WORK INSTRUCTION: From the line containing "I worked hard" to the last line of the listing, both included, copy every line exactly and drop the pictures.
(EXERCISE DATA begins)
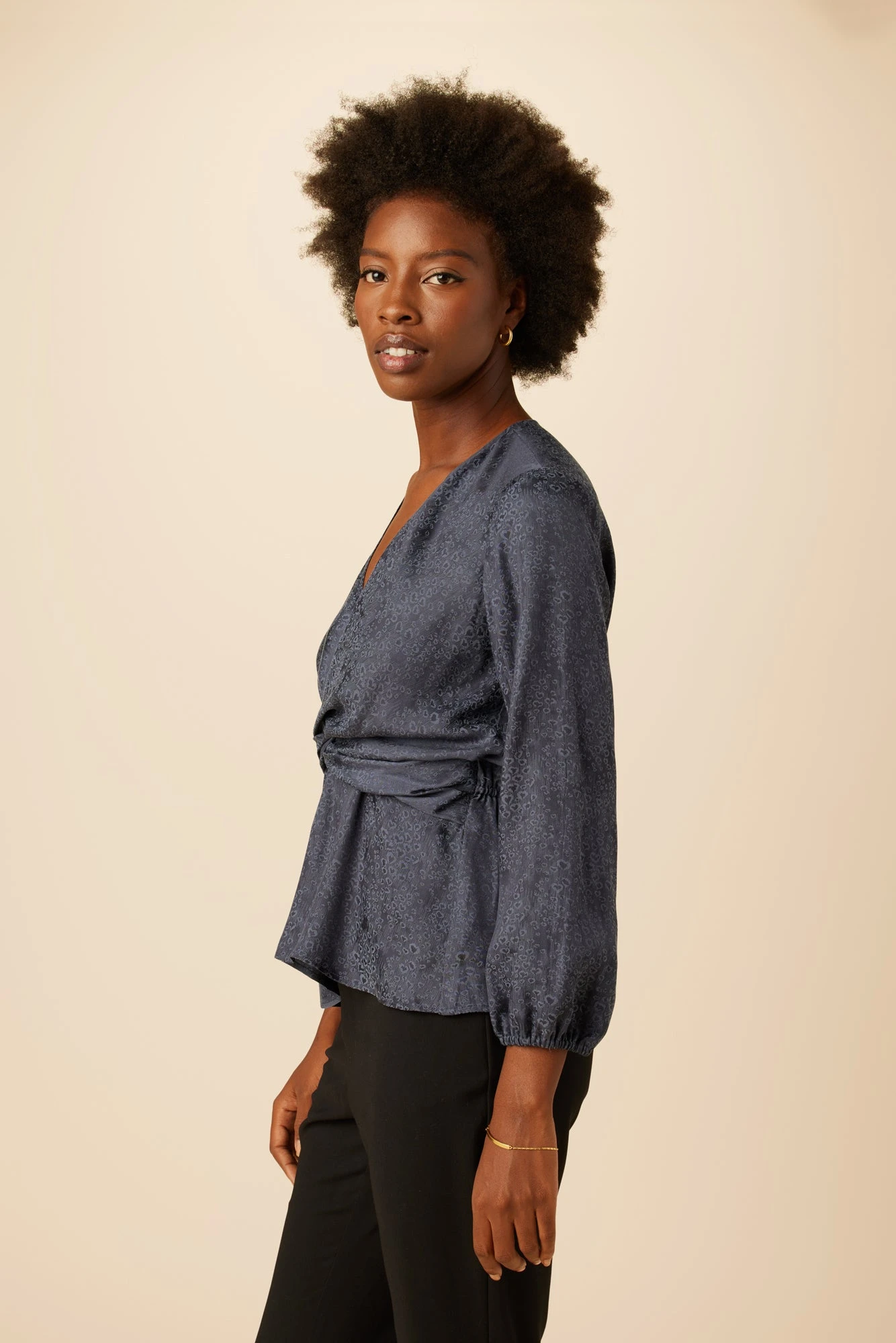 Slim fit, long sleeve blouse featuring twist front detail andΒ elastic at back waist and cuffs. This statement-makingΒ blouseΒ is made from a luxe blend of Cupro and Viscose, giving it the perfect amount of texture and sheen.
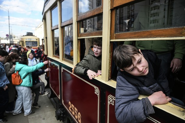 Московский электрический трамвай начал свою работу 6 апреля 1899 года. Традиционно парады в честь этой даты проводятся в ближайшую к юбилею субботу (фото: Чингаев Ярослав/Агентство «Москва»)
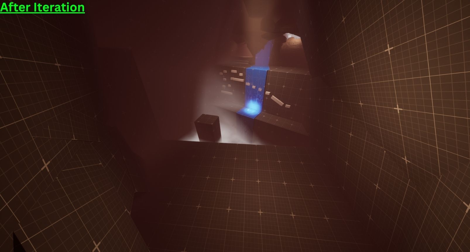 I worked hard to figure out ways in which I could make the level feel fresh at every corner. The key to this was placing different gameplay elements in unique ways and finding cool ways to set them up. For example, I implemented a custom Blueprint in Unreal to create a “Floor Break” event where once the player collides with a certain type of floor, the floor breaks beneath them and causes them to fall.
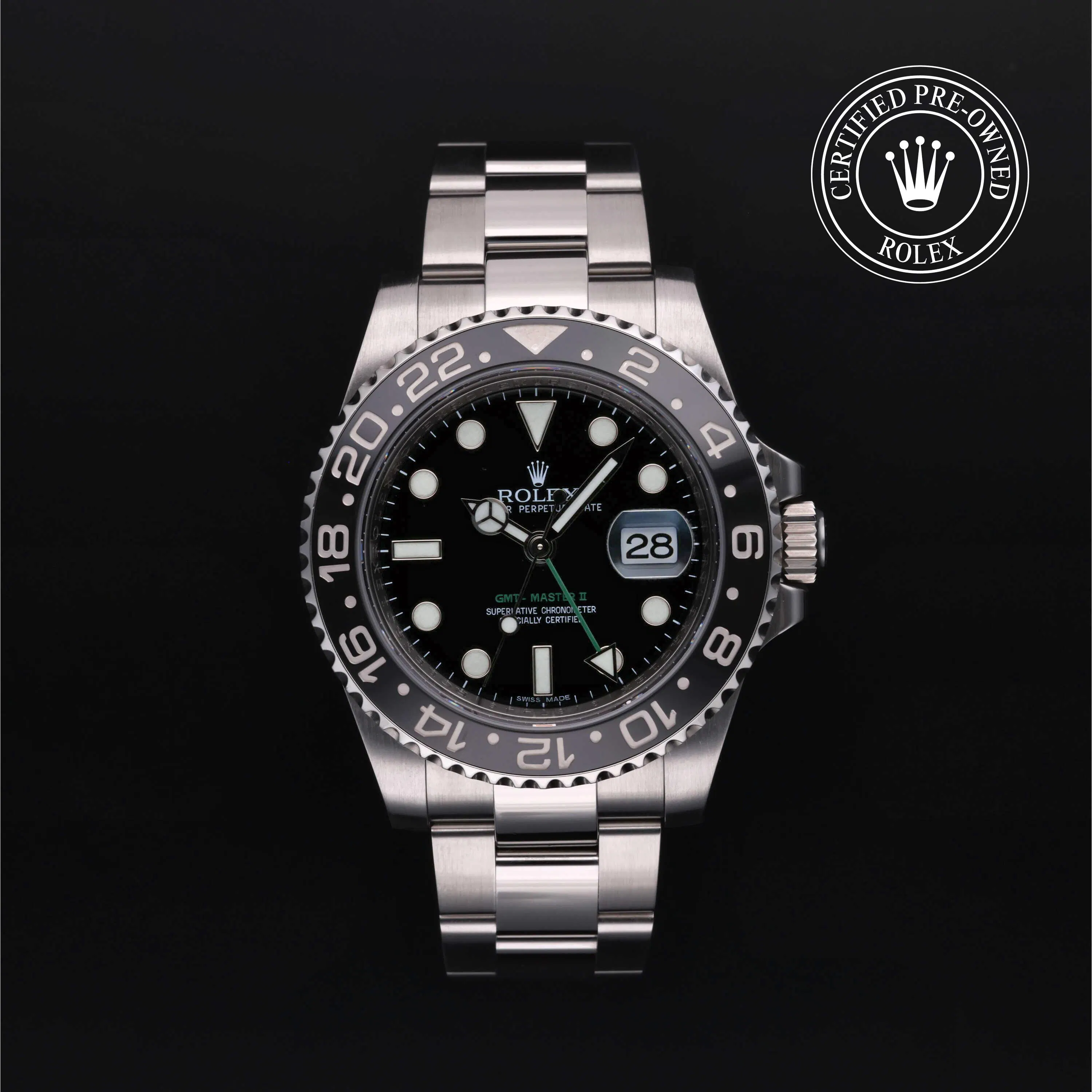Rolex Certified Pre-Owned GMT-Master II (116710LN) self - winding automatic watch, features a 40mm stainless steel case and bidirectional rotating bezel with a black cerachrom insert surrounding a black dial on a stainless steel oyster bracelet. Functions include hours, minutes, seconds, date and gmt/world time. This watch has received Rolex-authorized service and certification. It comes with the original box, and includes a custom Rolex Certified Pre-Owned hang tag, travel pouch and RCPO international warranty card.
(EXERCISE DATA ends)
ANSWER TO THE EXERCISE:
 I worked hard to figure out ways in which I could make the level feel fresh at every corner. The key to this was placing different gameplay elements in unique ways and finding cool ways to set them up. For example, I implemented a custom Blueprint in Unreal to create a “Floor Break” event where once the player collides with a certain type of floor, the floor breaks beneath them and causes them to fall.
Rolex Certified Pre-Owned GMT-Master II (116710LN) self - winding automatic watch, features a 40mm stainless steel case and bidirectional rotating bezel with a black cerachrom insert surrounding a black dial on a stainless steel oyster bracelet. Functions include hours, minutes, seconds, date and gmt/world time. This watch has received Rolex-authorized service and certification. It comes with the original box, and includes a custom Rolex Certified Pre-Owned hang tag, travel pouch and RCPO international warranty card.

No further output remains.